Егор с Ваняткой напоили скотину, вычистили двор и тоже собираться стали.

— Отец чо сказал? — заворчала на них мать. — Си­деть дома… Ай неслухи? Слова отца для них как сорочий ор…

 — Мам, чего ты сердишься? — обнял ее нежно за плечи Егор. — Можно мне на народ посмотреть, ай нет? А Ванятка? Так без него сход не сход. Слово его будет решающим.

— Ага, — буркнула мать, но ласка сына ей приятна была. — Ты не лезь там… Слухай, а не суйся. Мар-голин-то враз стрельнёть. Для него стрельнуть в чело­века, как плюнуть. Надыся приехал, выпорол Серегу Кирюшина да Митьку Булыгина. Не по ндраву ему высказались… Не суйся…

Егор надел шинель с широкими полоса­ми на груди, буденовку. Он надеялся увидеть возле церкви Настеньку, хотя понимал, что надежда слабая. Что ей делать на сходе утром. Вечером и девки прихо­дят, а сейчас… Зато на сходе его увидят люди и передадут Настеньке, что он в Масловке.

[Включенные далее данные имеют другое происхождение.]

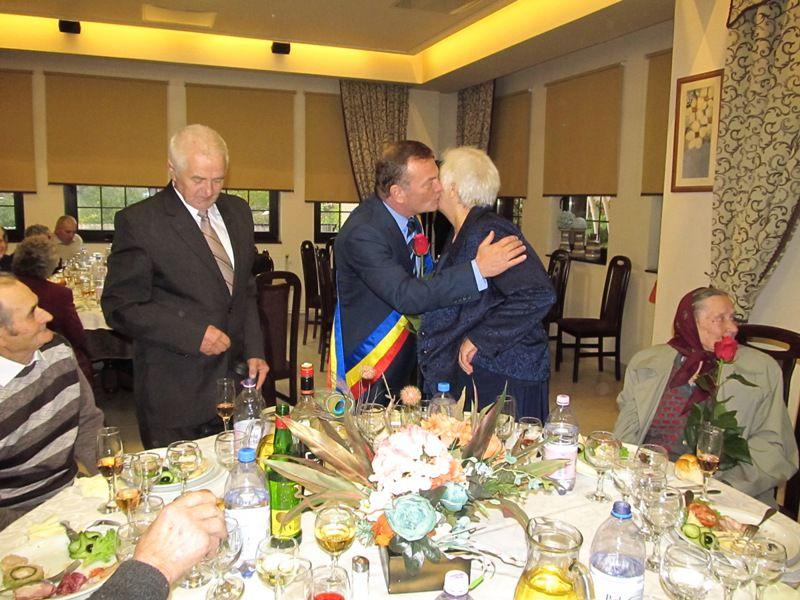 Prezent la eveniment, primarul Dorin Alexandrescu a trecut pe la fiecare masă şi a ciocnit o cupă de şampanie cu sărbătoriţii, oferind câte un trandafir doamnelor dar şi câte o diplomă şi un plic conţinând suma de 300 de lei, fiecărui cuplu.
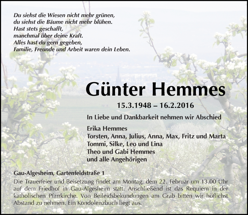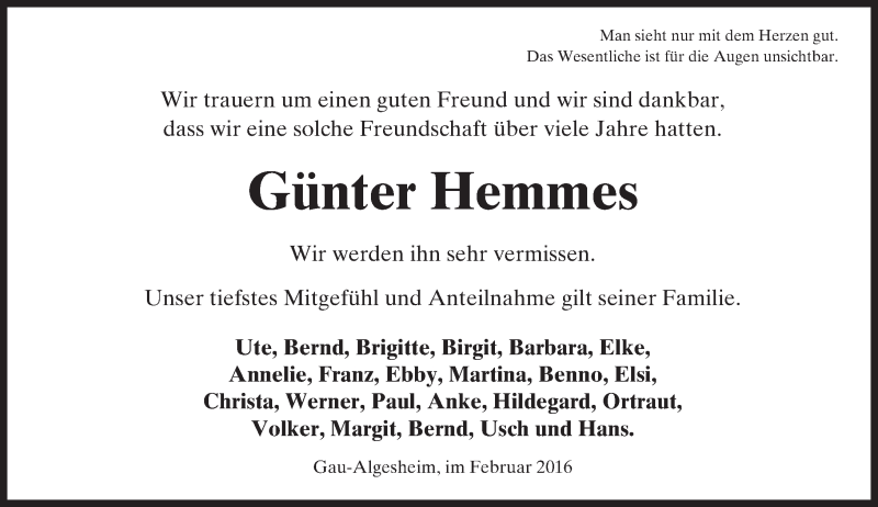 Hier finden Sie alle Traueranzeigen aus der Zeitung, die bisher für Günter Hemmes erschienen sind. Weitere Traueranzeigen, die in der Zeitung erscheinen, werden hier ebenfalls aufgelistet
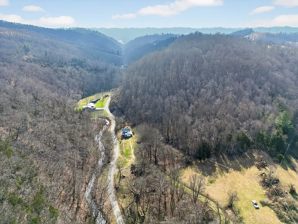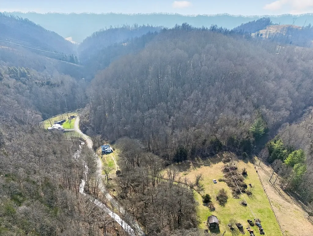 A three-bedroom farmhouse sits on 9.5 acres in Saltville, Virginia. The home includes one bathroom and about 1,550 square feet of living space. This type of property often attracts people interested in country living or small homestead projects. In addition, the acreage allows room for gardens, animals, or outdoor work areas. A nearby creek adds a natural feature across the rural road. Because the property already has public water and septic service, daily living systems are in place.
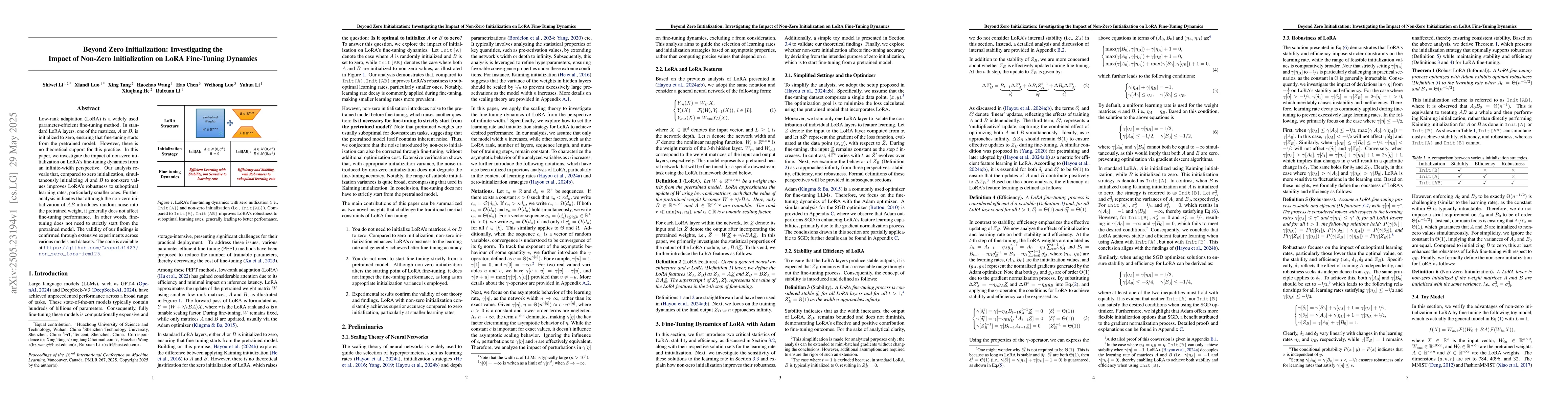 This research provides theoretical support for non-zero initialization in LoRA, enhancing understanding of fine-tuning dynamics and potentially improving practical applications in parameter-efficient methods.
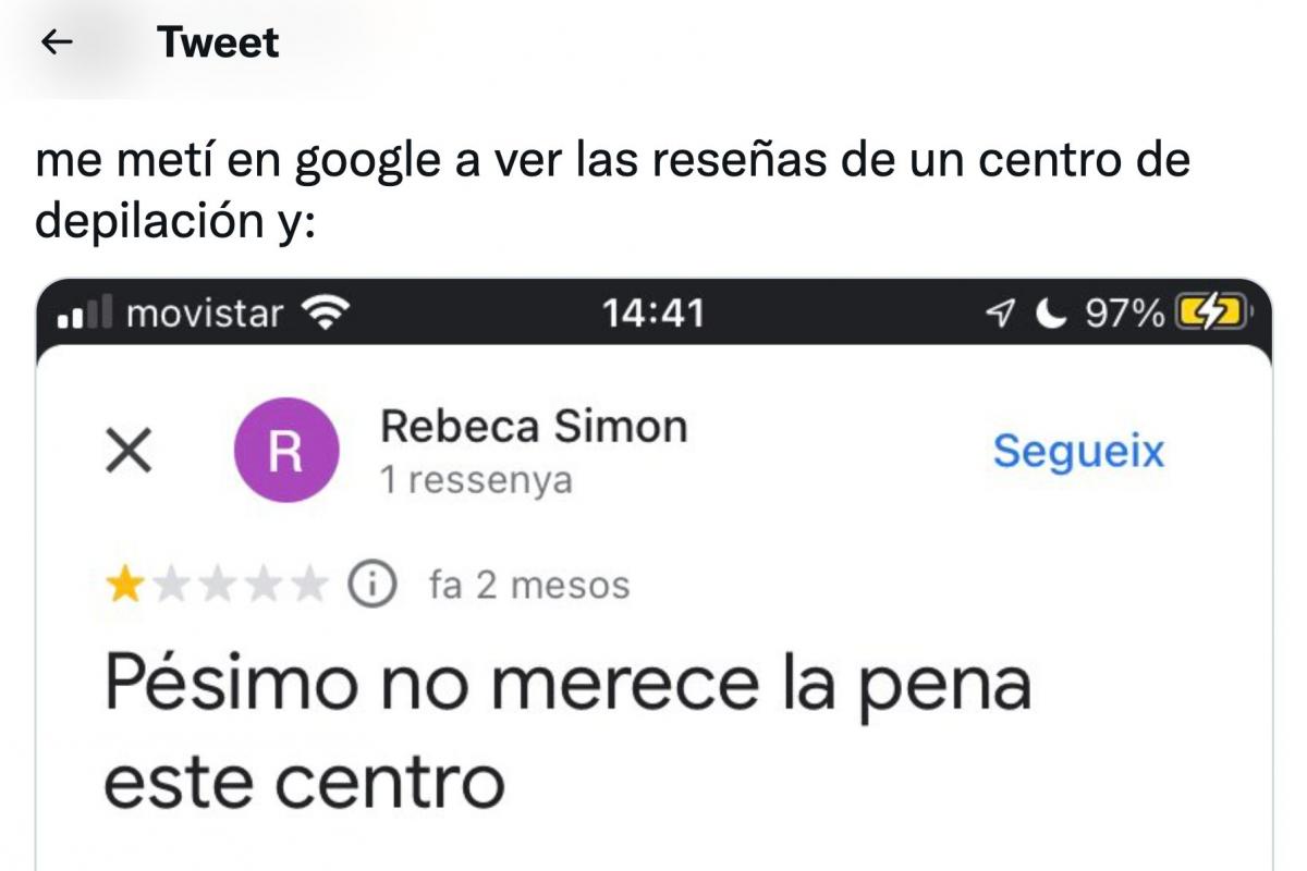 “Me metí en google a ver las reseñas de un centro de depilación y...”, dice en el tuit que va camino de nada más y nada menos de superar los 91.000 ‘me gusta’ en poco más de un día.
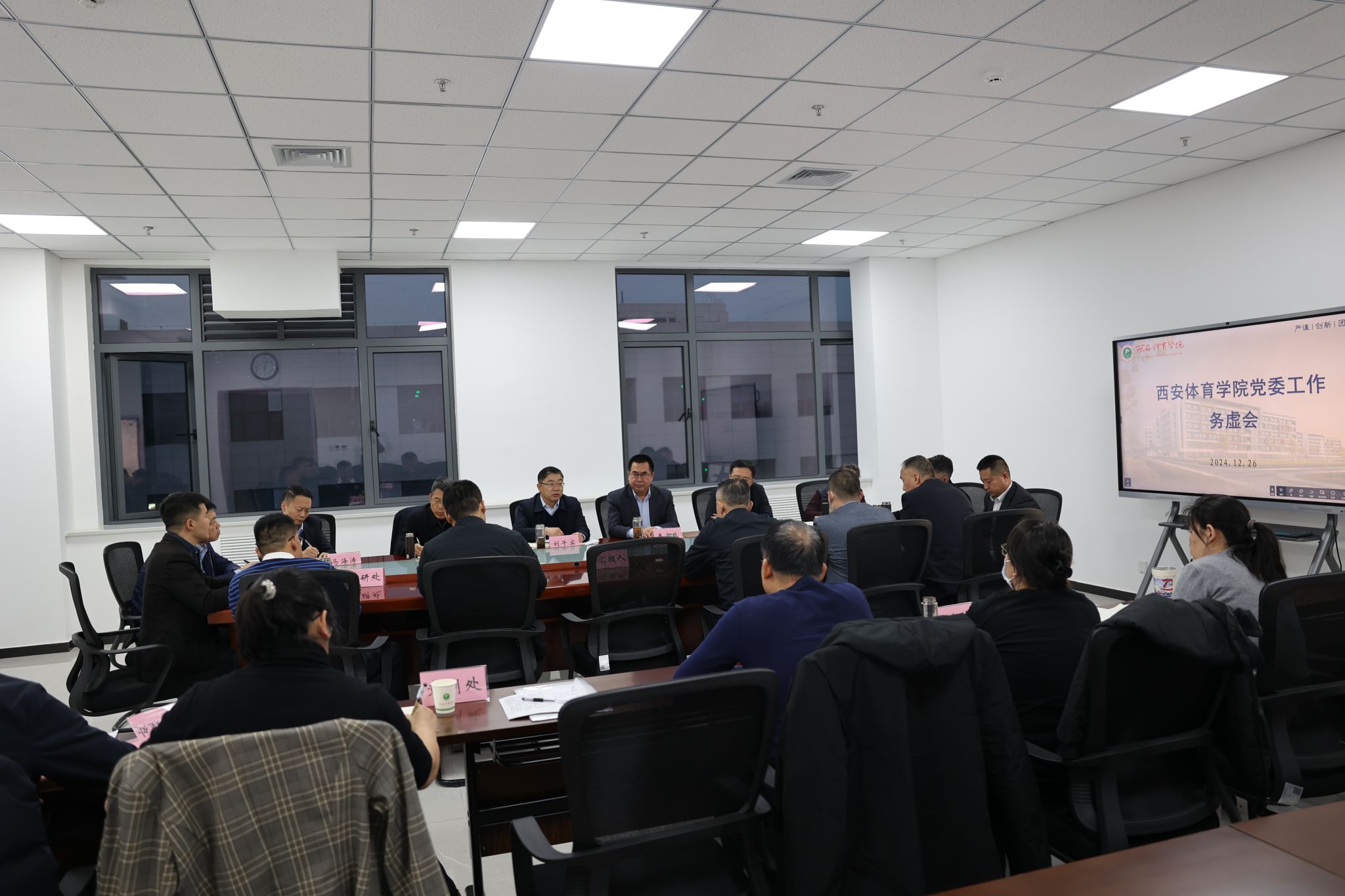 校长李富生重点从工作总结与体会、明年重点任务安排、工作建议等方面进行交流发言。他指出,2024年是建校70周年,是学校发展史上里程碑式的一年,是鄠邑校区转为主校区、实现主体搬迁、踏上二次创业新征程、奋力实现高质量内涵式发展的极不寻常的一年,我们坚持以改革破解难题、以发展解决矛盾,学校整体面貌变化大,社会各界影响大、反响好,赢得了师生、社会、上级、校友的广泛赞誉。我们全年奋斗不息,通过提质增效,通过快节奏的工作实现了“十大改革发展工程”取得良好成效,比如建成全国首个集手曲棒垒橄高标准现代化赛场集群,建成全国首座集教学科研图书实验校史展览一体化的高标准现代化教学办公综合大楼,建成全国首座有抗震支座的现代化学生宿舍,成为全国首家与中国足协共建足球学院的体育学院,挂牌成立全国首家体教融合研究中心,成为全国首所承办女子垒球亚洲杯赛的高校,成为全国教学训练场地设施非常先进的体育院校之一, 成为全国首个校区主体搬迁速度最快的高校之一,成为举办全国最具特色校庆系列活动的高校之一,成为短期内改革力度最大的高校之一。这些成绩的取得靠的是守正创新、自强自立、上下齐心、真抓实干。对于明年的工作,李富生指出,要继续推进鄠邑主校区规划建设,继续加快含光校区危楼加固和消防整改,继续加大创收造血力度,以本科教育教学审核评估整改为契机提升人才培养质量,以筹建手曲棒垒橄学院为契机实现特色办学,以申博为契机加大“双一流”建设力度,以加快人事制度和机构改革为支撑提高管理强校水平,以推进竞校改革、办好女垒亚洲杯为突破不断提升竞技体育水平,以成立陕西体教融合研究中心为机遇不断提升科研水平,以强化“招生-培养-就业一体化”联动机制为引领促进毕业生高质量充分就业。针对存在的不足,李富生建议,通过抓实作风建设,激发干部职工工作积极性。推进机构改革,大幅提升工作效率。加大物质奖励与精神鼓励,做到奖罚分明。强化学生教育管理,真正改善学风。实施教师、行政人员分赛道管理,使其各司其职,各安其分。要求班子成员以身作则,充分发挥模范带头作用。提升干部沟通协调能力,锤炼能干事、干成事本领。增强动真碰硬的韧劲和魄力,营造风清气正环境。不断解放思想,提升创新能力。提升质量意识和工作标准,实现精益求精,打造精品工程。

Шел по деревне с ребятами, здоровался с мужи­ками, отвечал на расспросы, поглядывал то на цер­ковь, где в ограде и на улице клубился народ, то на попову избу: нет ли возле дома Настеньки. Не видать! Тихо у избы попа, вытянул шею с веревкой журавль у сизого заледенелого сруба колодца, торчат деревья из суг­робов под окнами. Подумалось: может, Настенька смотрит в окно и видит, как он неспешно шагает по лугу, высокий, ладный, серьезный, в длинной шинели, островерхой буденовке. Чуть поодаль от входа в огра­ду церкви стояли те трое саней продотряда, которые видел Егор в окно. На мордах лошадей мешки с овсом. Толпятся рядом красноармейцы. Егор хотел подойти к ним, но передумал. Всадников нет, не видать ни белого коня, ни его хозяина. В гудящей, взволнованной толпе у церкви на Анохина поглядывали, узнавали, под­ходили. Отца не было в толпе. Ванятка ни на шаг не отслонялся. Не ото­шел и когда друзья-подростки позвали. Дверь в цер­ковь закрыта, паперть пуста. Пальцы привычно сложились в щепотку, а рука потянулась ко лбу, перекре­ститься на Божью Матерь с младенцем над входом, но вспомнилось: нельзя, комсомолец, и Егор сделал вид, что поднимал руку, чтобы поправить буденовку.

Масловская церковь во имя Покрова Пресвятой Богородицы небольшая, но аккуратная, стройная, ухоженная, ка­кая-то воздушная, голубовато-розовая, внутри теплая, уютная. Хвалят ее за это в округе. Много народу с соседних деревень на престол собирается. Престоль­ный праздник в Масловке — Покров, глубокой осенью, когда дела все сделаны, хлеба обмолочены, провеяны, лишняя скотина продана.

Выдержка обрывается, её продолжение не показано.